Risk Premium Definition

Risk premium is any return above the risk-free rate. The risk-free rate refers to the rate of return on a theoretically riskless asset or investment, such as a government bond. All other financial investments entail some degree of risk, and the return on the investment above the risk-free rate is called the risk premium.

When an investor purchases a financial instrument, such as stock or bonds, that investor is putting his capital at risk. The company that issued the stock could perform poorly and its stock could plummet in value; or the company issuing the bonds could default and its bonds could become worthless. Both of these potential scenarios represent risk for the investor or speculator. The return on an investment, which corresponds to the riskiness of the investment, is supposed to compensate the investor for that risk.

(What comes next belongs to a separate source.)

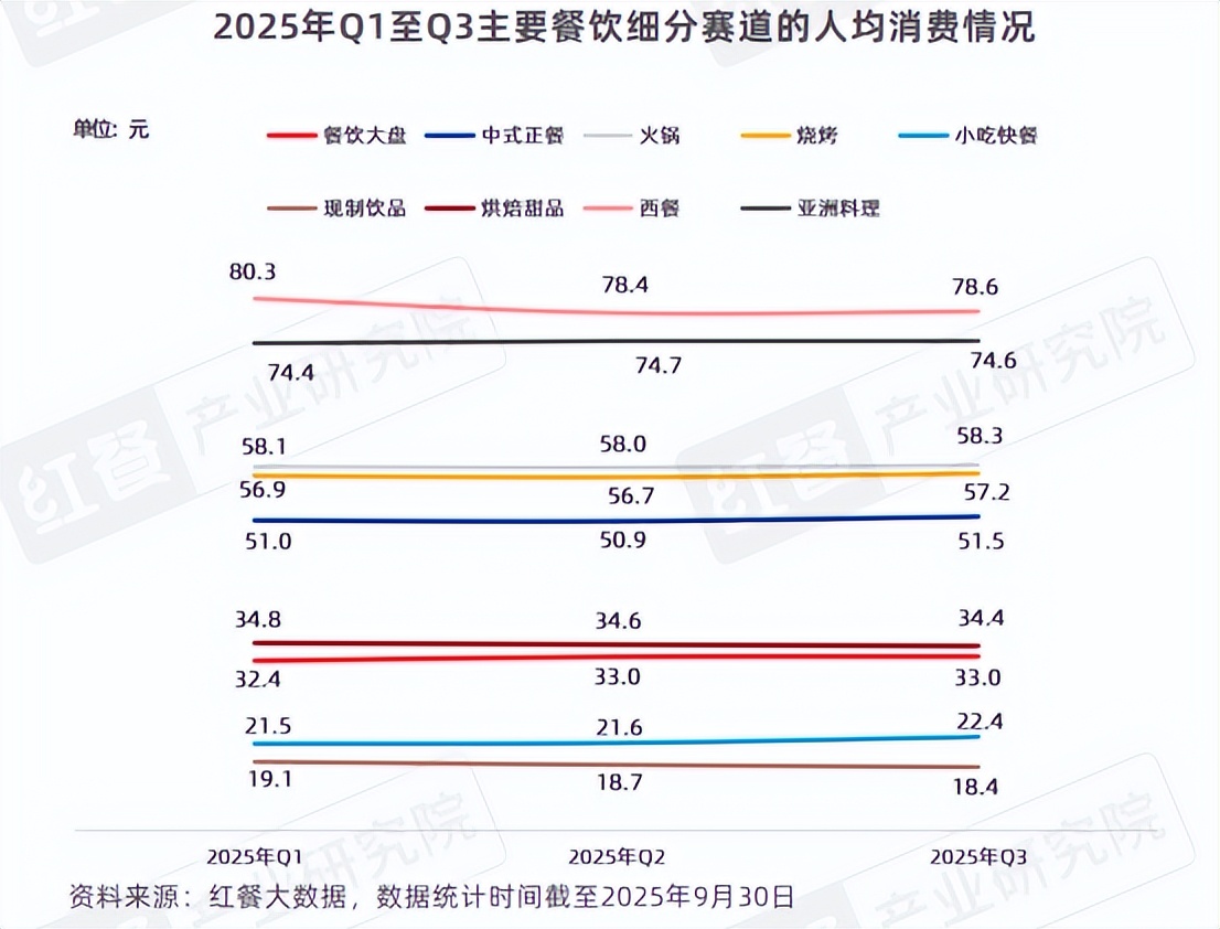 人均消费方面,红餐大数据显示,截至2025年第三季度,餐饮大盘人均消费从第一季度的32.4元微涨至第三季度的33.0元。

Different financial instruments have different degrees of riskiness and the returns on these instruments typically correspond with the level of risk. More risky assets have higher returns; less risky assets have lower returns. An asset with no risk, such as a U.S. government bond, has a comparatively low rate of return because there is little or no risk of the U.S. government defaulting. Therefore, the rate of return on that type of riskless asset is referred to as the risk-free rate. Any return above that rate is a risk premium which compensates the investor for the riskiness of the asset.

Risk Premium Example

Assume the risk-free rate is 5%. This means a riskless U.S. government treasury bond offers an annual return of 5%. Let’s say an investor invests in the stock of a company and that stock has an annual return of 7%. The risk premium for that company’s stock is the difference between the risk-free rate of 5% and the expected return of the stock of 7%. So the risk premium is 2%.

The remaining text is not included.